While the detection rate and the false positive rate will vary with changes in alarm strategy, the actual number of anomalies is a constant. The following heat map compares the detection rate (on the lateral axis) with the false positive rate (on the vertical axis), with deeper shades indicating a higher position on the happiness index; to facilitate observation, the detection rate has been set to start from 0.9.
The heat map illustrates first of all that the false positive rate is more likely than the detection rate to affect the happiness index. Further, the magnitude by which the detection rate increases has little impact on the happiness index, as seen in the relatively constant coloration when moving along the horizontal axis from any point on the vertical axis. Finally, it shows that the happiness index can only reach the 50-percent threshold when the false positive rate has reached roughly .007 percent — in other words, seven points in every 100,000.
A false positive rate of .007 percent means that if data is monitored once every minute (or 1440 times per day) then roughly ten days will pass between each incidence of a false alarm. For a massive data system like Alibaba’s, this marks an incredible achievement. For perspective, if the happiness index were to reach 99 percent, roughly 190 years would pass between each instance of a false alarm.

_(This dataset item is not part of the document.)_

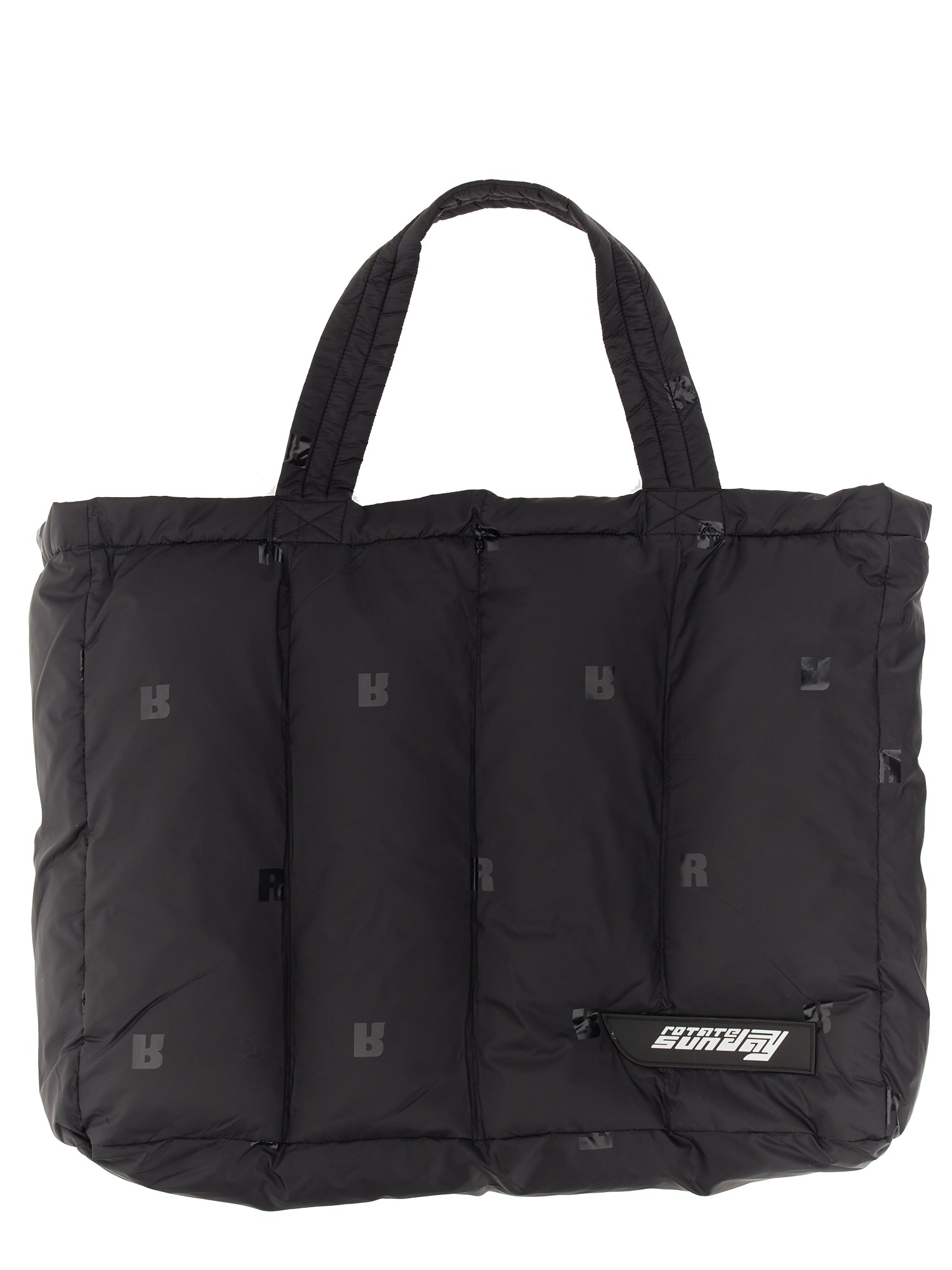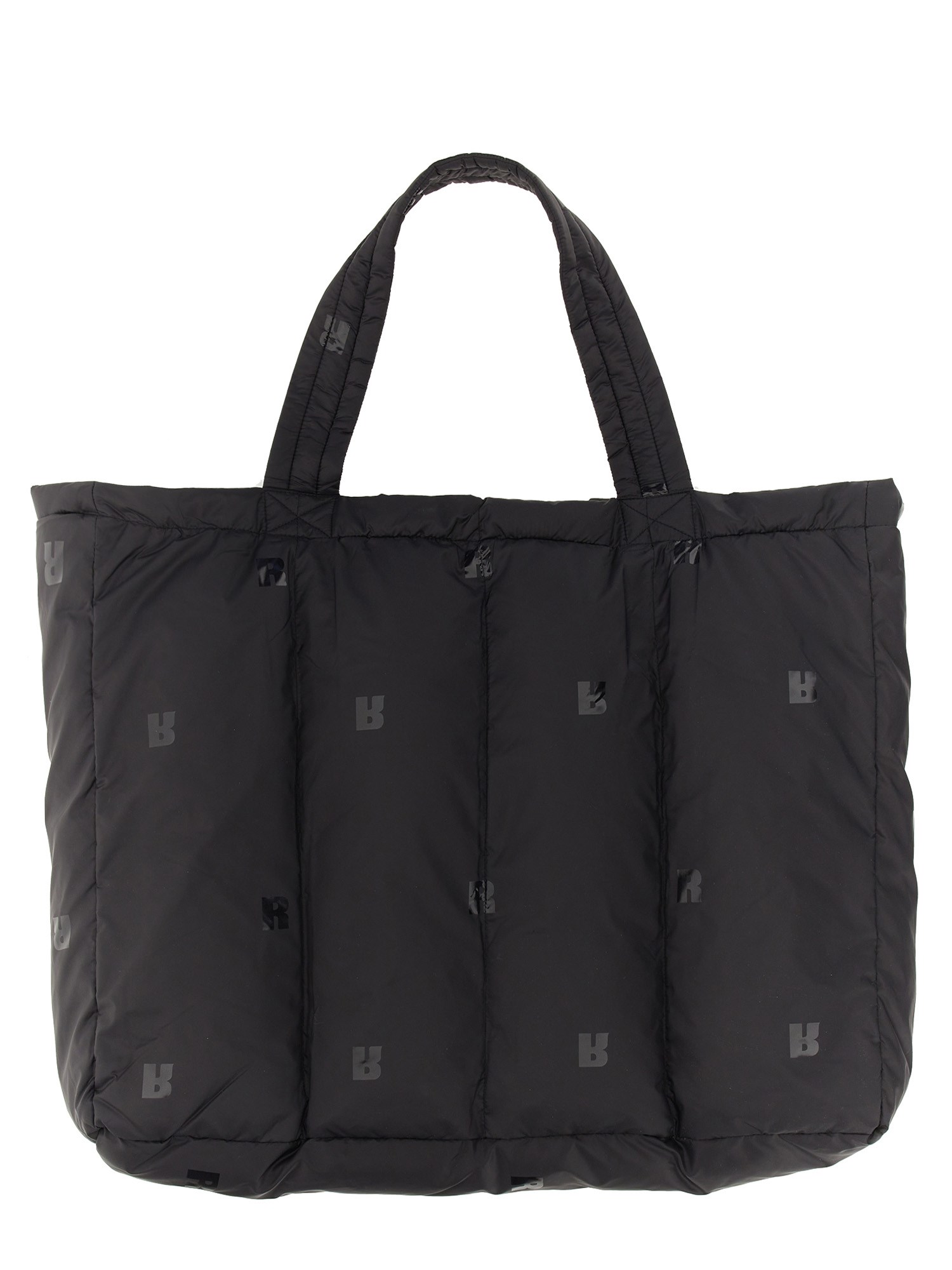 La Puffer Tote Bag in nylon è una tote bag imbottita oversize con manico a tracolla. Presenta un logo sul lato destro della parte anteriore e il logo R stampato su tutta la superficie.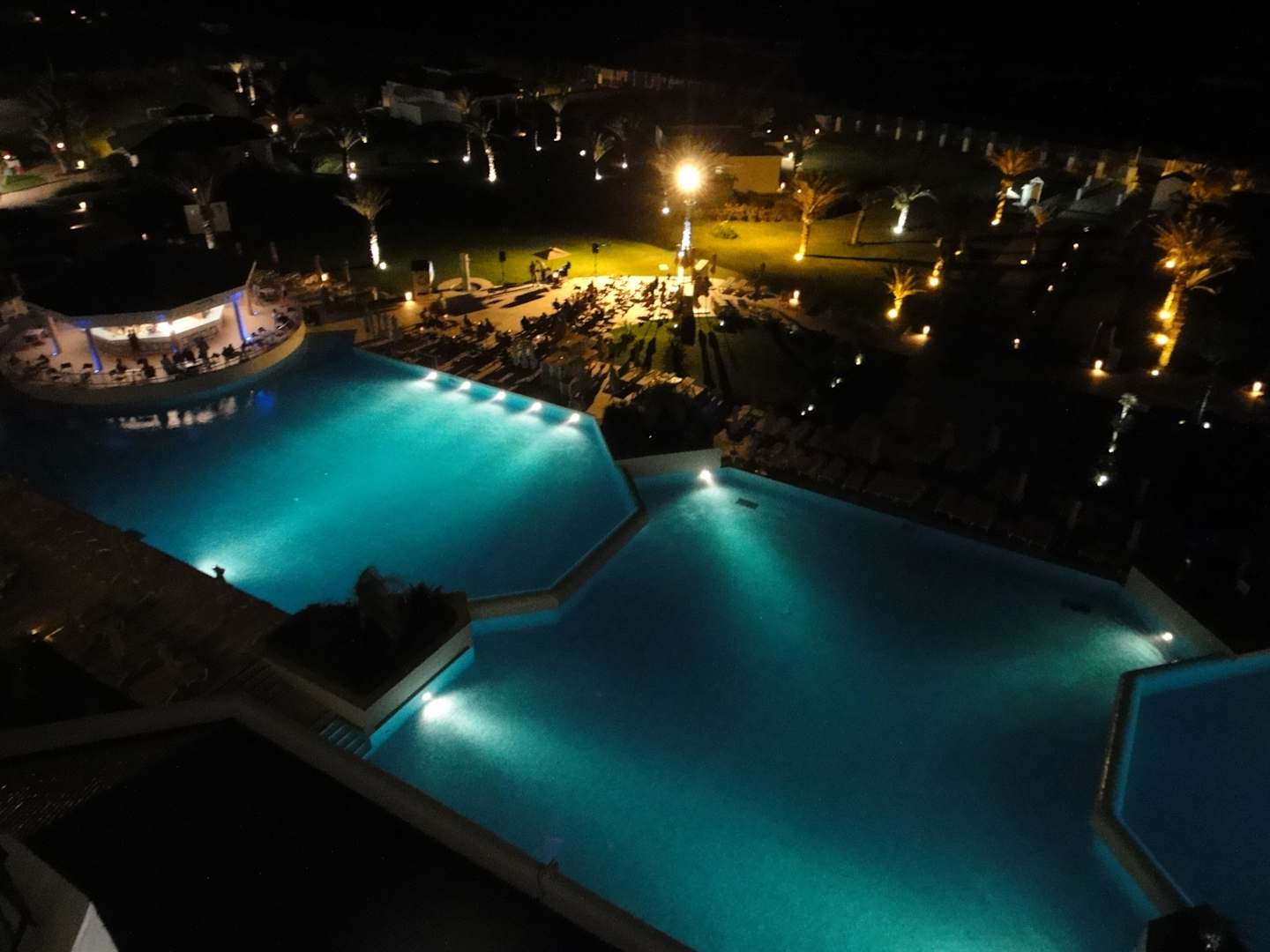 Teil der Poolanlage am AbendTeilbereich des Poolanlage mit Poolbar in abendlicher Stimmung und Musik

Looking Forward for Alibaba
In the ongoing challenge to balance the detection rate with the false positive rate, an ideal outcome requires that the former exceed 90 percent while the latter remains below five percent. Alibaba Group’s current requirement that the detection rate exceed 99 percent inherently results in a high false positive rate, creating a heavy burden for on-duty personnel.
To improve the happiness of its workers, the Group is currently looking beyond single-curve anomaly detection methods to deploy higher-level alarm aggregation, anomaly positioning, and other approaches that challenge traditional modes of thinking. As innovation continues, these efforts offer the best immediate hope of reducing the risk of false negatives while tackling the persistent pain of false positives.